> [WORK TO BE COMPLETED]:
With the pictures excluded, repeat every entry exactly.

[Dataset records]

________________________

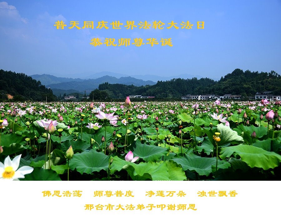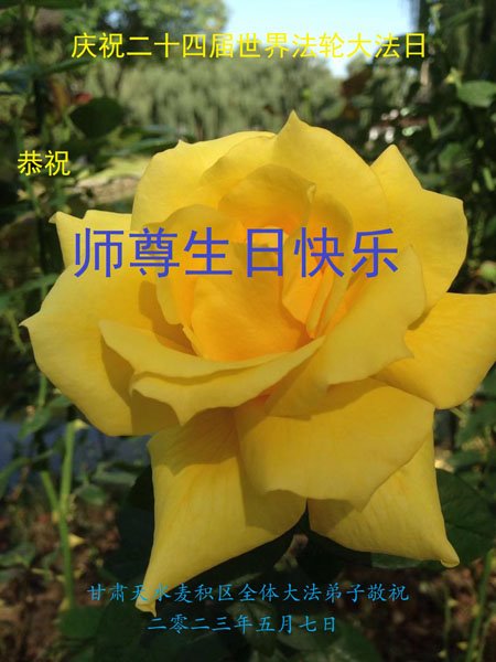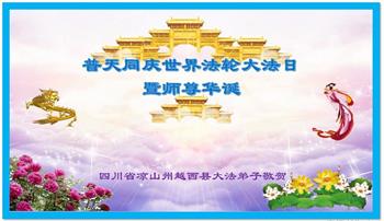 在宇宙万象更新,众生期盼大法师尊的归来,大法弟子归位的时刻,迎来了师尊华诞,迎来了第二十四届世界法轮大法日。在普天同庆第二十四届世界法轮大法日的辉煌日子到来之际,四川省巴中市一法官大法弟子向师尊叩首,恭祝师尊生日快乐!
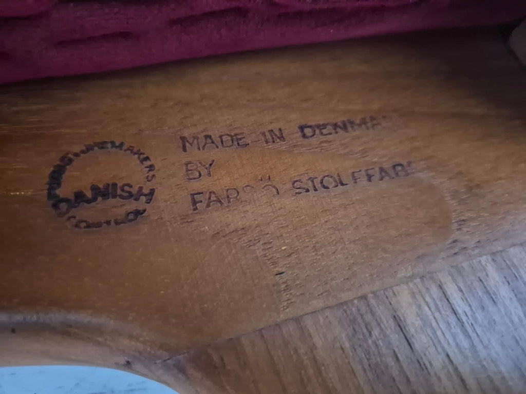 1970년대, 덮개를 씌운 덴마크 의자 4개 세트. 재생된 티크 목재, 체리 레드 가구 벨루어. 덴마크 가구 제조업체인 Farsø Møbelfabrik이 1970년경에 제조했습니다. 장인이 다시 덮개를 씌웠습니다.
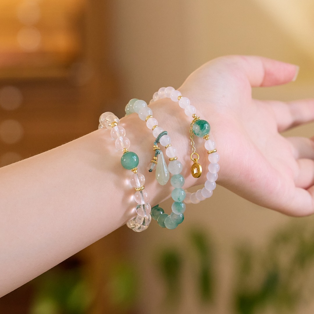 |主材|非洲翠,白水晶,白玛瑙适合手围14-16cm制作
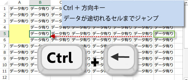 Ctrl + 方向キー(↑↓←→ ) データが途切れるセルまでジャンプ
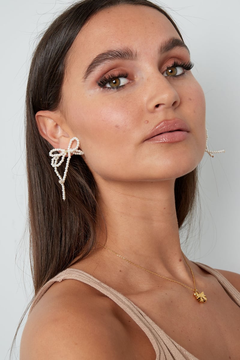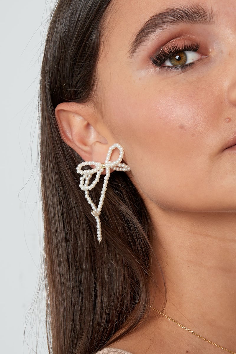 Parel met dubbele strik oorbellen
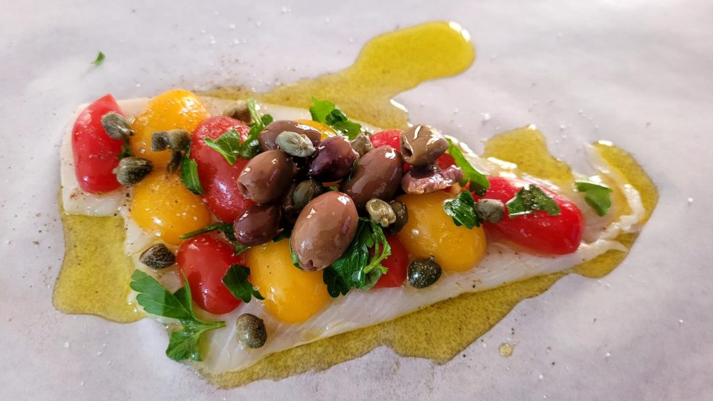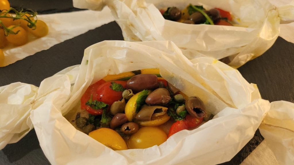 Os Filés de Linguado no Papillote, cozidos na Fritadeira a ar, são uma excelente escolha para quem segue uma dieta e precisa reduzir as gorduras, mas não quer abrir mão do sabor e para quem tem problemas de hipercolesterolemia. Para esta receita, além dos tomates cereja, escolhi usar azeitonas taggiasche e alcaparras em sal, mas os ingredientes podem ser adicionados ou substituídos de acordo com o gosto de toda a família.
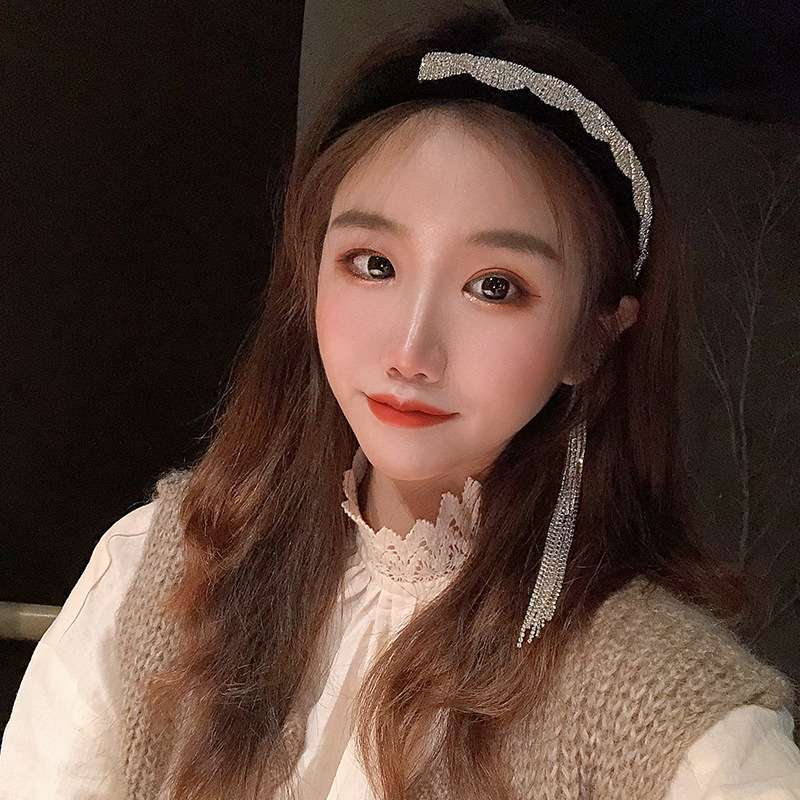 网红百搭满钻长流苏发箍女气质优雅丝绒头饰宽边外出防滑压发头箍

________________________

> [YOUR RESPONSE]:
 在宇宙万象更新,众生期盼大法师尊的归来,大法弟子归位的时刻,迎来了师尊华诞,迎来了第二十四届世界法轮大法日。在普天同庆第二十四届世界法轮大法日的辉煌日子到来之际,四川省巴中市一法官大法弟子向师尊叩首,恭祝师尊生日快乐!
 1970년대, 덮개를 씌운 덴마크 의자 4개 세트. 재생된 티크 목재, 체리 레드 가구 벨루어. 덴마크 가구 제조업체인 Farsø Møbelfabrik이 1970년경에 제조했습니다. 장인이 다시 덮개를 씌웠습니다.
 |主材|非洲翠,白水晶,白玛瑙适合手围14-16cm制作
 Ctrl + 方向キー(↑↓←→ ) データが途切れるセルまでジャンプ
 Parel met dubbele strik oorbellen
 Os Filés de Linguado no Papillote, cozidos na Fritadeira a ar, são uma excelente escolha para quem segue uma dieta e precisa reduzir as gorduras, mas não quer abrir mão do sabor e para quem tem problemas de hipercolesterolemia. Para esta receita, além dos tomates cereja, escolhi usar azeitonas taggiasche e alcaparras em sal, mas os ingredientes podem ser adicionados ou substituídos de acordo com o gosto de toda a família.
 网红百搭满钻长流苏发箍女气质优雅丝绒头饰宽边外出防滑压发头箍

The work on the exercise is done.